Hi GBXZ. Agreed on the tape reader. The printer I do not recognise. It is certainly not the disastrous Creed 12 which caused us many hours of heartbreak! That machine was preceded by the American Remington TP which ran at 50 bauds indefinitely but the powers that be scrapped it when the bcasts went to 75 bauds. The US Navy seemed to be OK with them at that speed when I visited a US oiler in Norfolk.


----------



## trotterdotpom (Apr 29, 2005)

We still hear about "Tickertape Parades" these days and I always wonder where they get the "tickertape" now that teleprinters are long gone. How do you chuck a Twitter message out of a skyscraper window?

John T


----------



## Graham P Powell (Jun 2, 2007)

Looks like a 7B without the cover. TAS machines had long springy keys . Some of the guys at GKA could really shift on those machines but I couldn't. The thing to the left is tape reader over the telex dial up unit. On the shelf above is a tuning fork using to check the teleprinter timing. It vibrated at a fixed frequency which matched a black and white segmented disc fixed to the motor. If the machine was running correctly the disc would appear stationary when viewed through the tuning fork. I have given one to the Fort Perch Rock musem for their teleprinter maintenance. 
The 7b was replaced by the much nicer type 15 and when GKA closed
they all ended up in a skip. Such a waste......
I was a frequent "raider of the lost skip" but never managed to acquire one.
rgds
Graham Powell


----------



## Ron Stringer (Mar 15, 2005)

MIMCo supplied _Creed 7B_ machines like that - with tape punch and reader - (but not the dial-out unit for obvious reasons) to the Shell tankers involved in the early data-logging/transfer trials. Data collected in the engine room was sent ashore via HF (using Marconi _Autospec_ error-correcting equipment) through Portisheadradio to Shell Centre.

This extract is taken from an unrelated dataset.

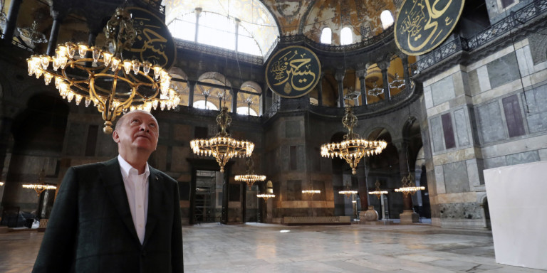 «Η εκνευριστική παράσταση του Ερντογάν» τιτλοφορείται σημερινό άρθρο της ηλεκτρονικής έκδοσης του περιοδικού «Der Spiegel» σχετικά με την μουσουλμανική προσευχή που πραγματοποιείται σήμερα στην Αγία Σοφία. Ο αρθρογράφος σημειώνει ότι o Τούρκος Πρόεδρος τιμά την φήμη του ως «έμπειρου λαϊκιστή», ο οποίος με κάθε είδους «μαγικά» επιχειρεί αντιμετωπίσει την πτώση της δημοτικότητάς του.
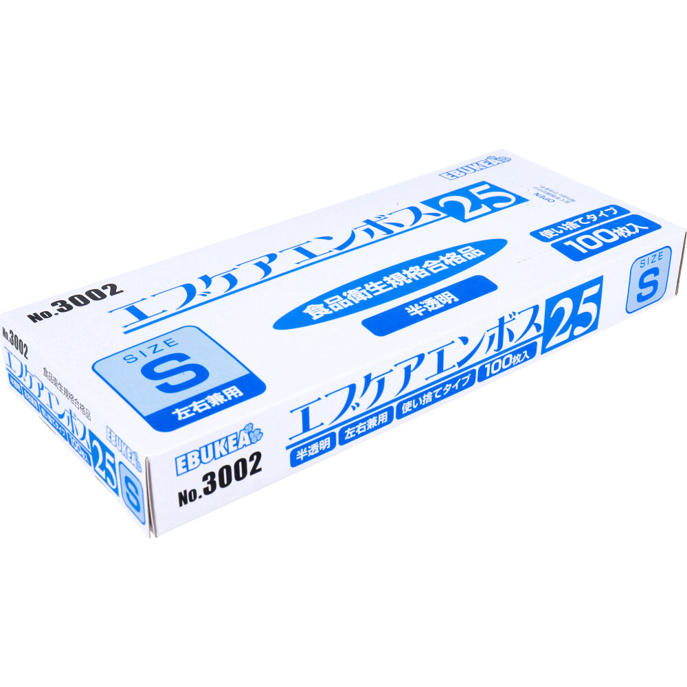 【業務用】 No.3002 エブケアエンボス25 食品衛生法適合 使い捨て手袋 半透明 Sサイズ 箱入 100枚入

The 7Bs were also supplied to the early data transmission facilities on North Sea rigs, initially also using _Autospec_, later _Spector_. 

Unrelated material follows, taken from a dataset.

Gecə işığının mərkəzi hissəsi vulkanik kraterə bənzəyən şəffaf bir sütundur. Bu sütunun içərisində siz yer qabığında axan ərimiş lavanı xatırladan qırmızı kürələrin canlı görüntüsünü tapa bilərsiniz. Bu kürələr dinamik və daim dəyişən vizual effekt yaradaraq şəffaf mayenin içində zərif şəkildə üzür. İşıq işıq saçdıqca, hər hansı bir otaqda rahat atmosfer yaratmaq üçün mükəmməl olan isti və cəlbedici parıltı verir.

The _Creed 7B_ machines were overtaken by the _Creed 444_ but although the _7B_ was not as easy to use (for an untrained typist) as the _444_, it had the great advantage of being so much lighter to carry than the back-breaking _444_. Taking the _444_ down a tanker jetty or up accommodation ladders just about wrecked you.

Better than both Creed machines was the _Siemens T1000_ but I only ever handled a few of those.


----------



## chadburn (Jun 2, 2008)

Everything Allied Military wise went automatic via the R.I. (Routing Indicators), these were listed in an A.C.P (Allied Communications Publication). Every ship, shore base, Embassy etc was listed in this publication along with it's code letters. I could write out an F. Sigs, give it to the Comms and it could reach the addressee anywhere in the Allied World. The Land Lines were gas protected and along with the Teleprinters were maintained by the G.P.O. If the line/link was interfered with the link would go down. A great system but now out of date due to encoded Sat Comms. As previously mentioned the gear went into the scrap bin.


----------



## Varley (Oct 1, 2006)

Metallic mince - from the same supermarket as chocolate camshafts?


----------



## Mad Landsman (Dec 1, 2005)

This thread brings back a big chunk of memories.

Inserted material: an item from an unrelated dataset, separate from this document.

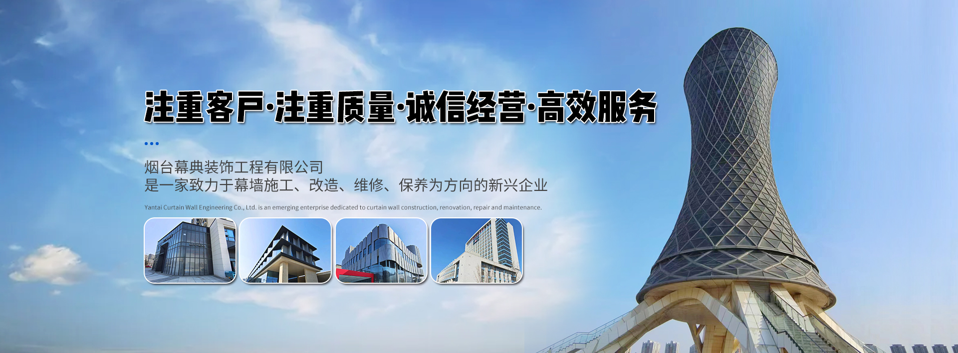 煙臺幕典裝飾工程有限公司是一家致力于幕墻施工、改造、維修、保養為方向的新興企業。公司成立于2017年,公司擁有技術骨干10余人,安裝施工人員60余人。主要技術人員從事幕墻行業20多年,對于玻璃、石材、金屬三種類型幕墻的制作、安裝、改造、維修,積累了豐富的寶貴經驗。我們隨時掌握著幕墻技術的新發展,通過現場勘察快速分析出幕墻破損及滲漏的主要原因,根據客戶需求量身制定快捷、經濟、有效的解決...

I used the Creed 444 (GPO type 15) which had everything in the picture above contained in one unit. My understanding at the time was that it was the first machine designed to be used by anyone who could type rather than a trained operator. 
It was a very noisy, heavy beast of a machine and sat on its own heavy duty desk and, preferably, it its own room! 
As part of the 'operator friendly' design it would sound an alarm if anything needed attention; The only problem being it was the same alarm for anything and one had no idea what the problem was without checking everything. 

I remember getting hands on a BT Cheetah electronic telex in the 1980s and being blown away with how much better it was than the old mechanical machine - less noise, compose message on screen rather than tape. 
Life was short for the Cheetah - along came Fax, PCs with emails and all the rest.
I still occasionally find myself using telex abbreviations when typing a direct message or text, but most people don't recognise them as such because text messages have 'adopted' quite a few of them anyway. 

BIBI


----------



## chadburn (Jun 2, 2008)

At the M.H.Q's they had tape relay rooms which had banks of tape reader heads installed, the noise when they were all running was incredible.


----------



## spongebob (Dec 11, 2007)

We had a Creed teleprinter installed in our Auckland office in the mid 60's to hasten and cheapen contact with Australia and the UK. Anyone could cut a tape off line at any speed then feed the message through live. 
A new typist was game and fast enough to cut and send to England on line until she was distracted, walked away from the machine for a chat, which resulted in a huge Post and Telegraph bill but fast talking saw them cut the bill in half and a chastened lady did not do it live again.

Bob


----------



## Graham P Powell (Jun 2, 2007)

I seem to remember at GKA having a three day training course when we changed over from type 7's to type 15's. Ours were all made by ITT Creed in Brighton and being interested in engineering I was always impressed by the quality of the moving parts. Like everything else in the station they got a real hammering being at work round the clock in some places. The computerized message handling system did away with most of them and it was a lot quicker.
regards
Graham Powell


----------



## david.hopcroft (Jun 29, 2005)

As you say Mad Landsman, the 15 was a noisy beast. This was the 'mod' used in the landline room at GKZ. There was a flap you could fold down to complete the sound proofing, or should I say reduction. It had a handy ledge when in the up position to send greens. I think the laid back dress code indicates I was on nights at the time.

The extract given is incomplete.